With Twitterspirit, Twitter Gets Its Own Snapchat: A Disappearing Tweet Hack, Courtesy Of An Ex-Twitter Engineer

Twitter is working on ways of getting more juice out of its vast trove of user content — that new “blue line” for conversation threads, for example, is a way for older conversations to resurface — so I don’t know how it is going to feel about this: a developer called Pierre Legrain, once himself a member of the Flock, has come up with Twitterspirit, a service that lets users set an expiration time for their tweets with a simple hashtag. Think of it as a Snapchat for Twitter, complete with its own emphemeral imagery (for Snapchat’s cute ghost, substitute an equally hard-to-pin-down spirit).

At a time when our data appears to be slipping out of our direct control, Snapchat has grabbed headlines for offering consumers a way of sending each other messages that disappear after a period of time. Twitter, of course, already lets users delete tweets.

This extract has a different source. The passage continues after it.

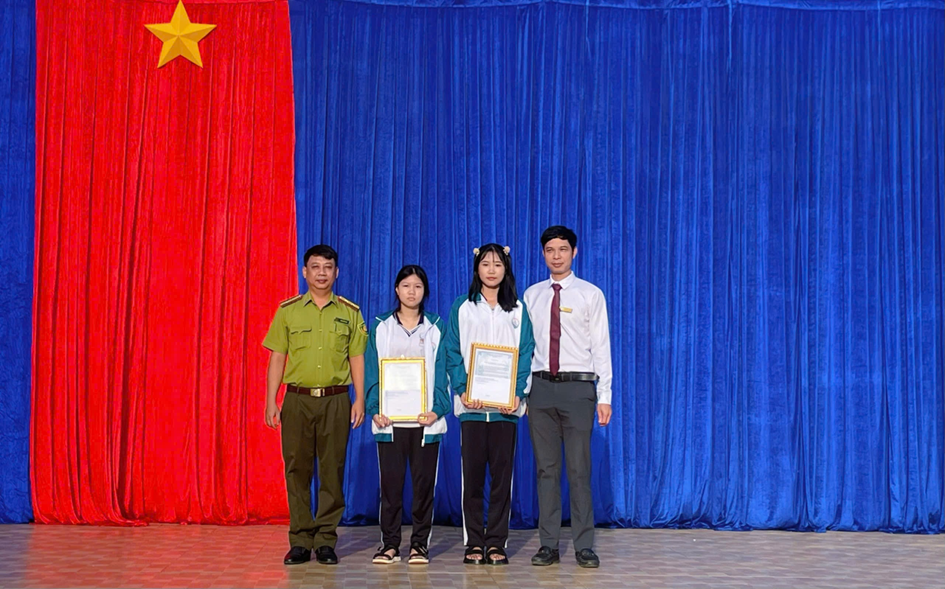 Tại buổi tuyên dương, ông Đinh Quốc Huy – Hạt trưởng Hạt Kiểm lâm khu vực Đạ Huoai – đã biểu dương tinh thần trách nhiệm của hai học sinh, đồng thời trao tặng giấy khen và những phần quà đầy ý nghĩa nhằm khích lệ, lan tỏa các hành động đẹp trong cộng đồng.

The difference with Twitterspirit is that this gives users more control over how long they would like their tweet to live — you set it with a #1m or #6h or #2y, and move on with your life.

twitterspirit 1

Poof!

twitterspirit 2

It follows other services that have also used hashtags to trigger the disappearance of a tweet — specifically, Efemr, which also uses an abbreviated number/letter to count down the timing. Legrain wouldn’t comment on Efemr when I asked him about what is different between the two services, but he did say that, in a general sense, “Long-term, I’m excited about ‘invisible software’ (no download, no installation, no interface), and adding additional custom functionality to Tweets.”

This is a fun little hack, but when you think about it, there are some more serious implications here.

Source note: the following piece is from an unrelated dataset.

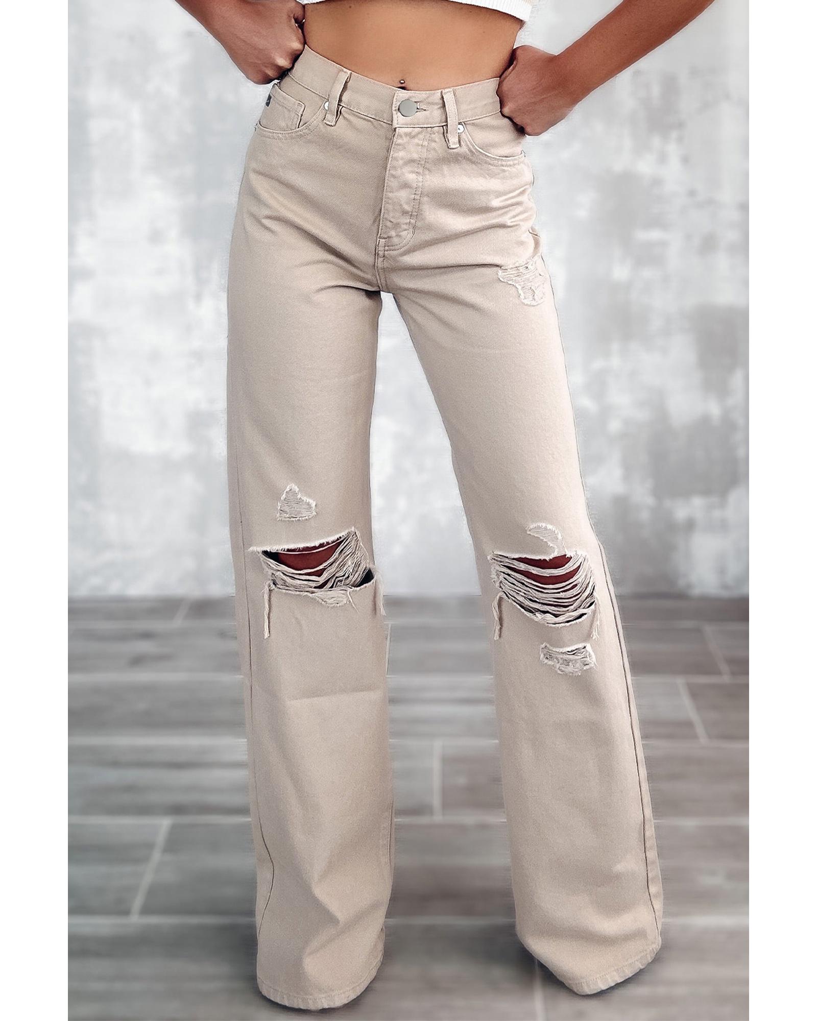 Khaki High Waist Ripped Wide-Leg Jeans - 12 US

Here’s one of the cons as I can see it: If part of Twitter’s business model is based on the data users put into it — for example, offering it as a measure of sentiment analysis for brands, or for brands to prove how well their promotions travel through the Twittersphere — then services that encourage people to delete what they’ve tweeted runs directly counter to that.

And considering the background of Twitterspirit’s creator, it’s a little bit cheeky, too. At his time at Twitter, Legrain, according to his LinkedIn profile, was a product marketing manager overseeing revenue. In the time he spent there between June 2010 and April 2011, he “launched Promoted Tweets, Promoted Trends, Promoted Accounts and Analytics,” and he says he “also conceived, designed, wrote and developed http://business.twitter.com.”

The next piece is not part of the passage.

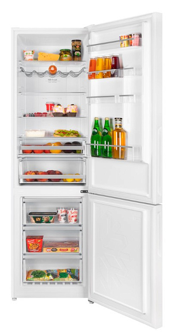 Холодильник Maunfeld MFF200NFWE с 2 камерами выполнен в стиле современный, цвет фронтальной поверхности — белый. Этот отдельностоящий прибор станет оптимальным решением для качественного хранения продуктов. Высота модели составляет 200 см, ширина — 59.5 см, глубина — 60 см. Для фруктов и овощей имеется специальная зона свежести. Благодаря системе NoFrost на внутренних стенках не образуется льда и инеевого налета, поэтому такой агрегат не нужно размораживать вручную. Наличие режима “Отпуск”, блокировки от детей расширяет функционал модели. Высокий класс энергоэффективности A+ гарантирует экономичное потребление электроэнергии.

His other past experience included time with advertising giant WPP.

As for the pros, for one, messaging may disappear on ephemeral services, but that doesn’t mean that money does. When Snapchat raised $80 million at an $800 million valuation for its service, its co-founder told us that advertising and in-app purchases will be two key ways that it will make money. Having a similar tweak available for Twitter could also be gamed by brands for their own ends.

Legrain himself calls Twitterspirit is a “side project.”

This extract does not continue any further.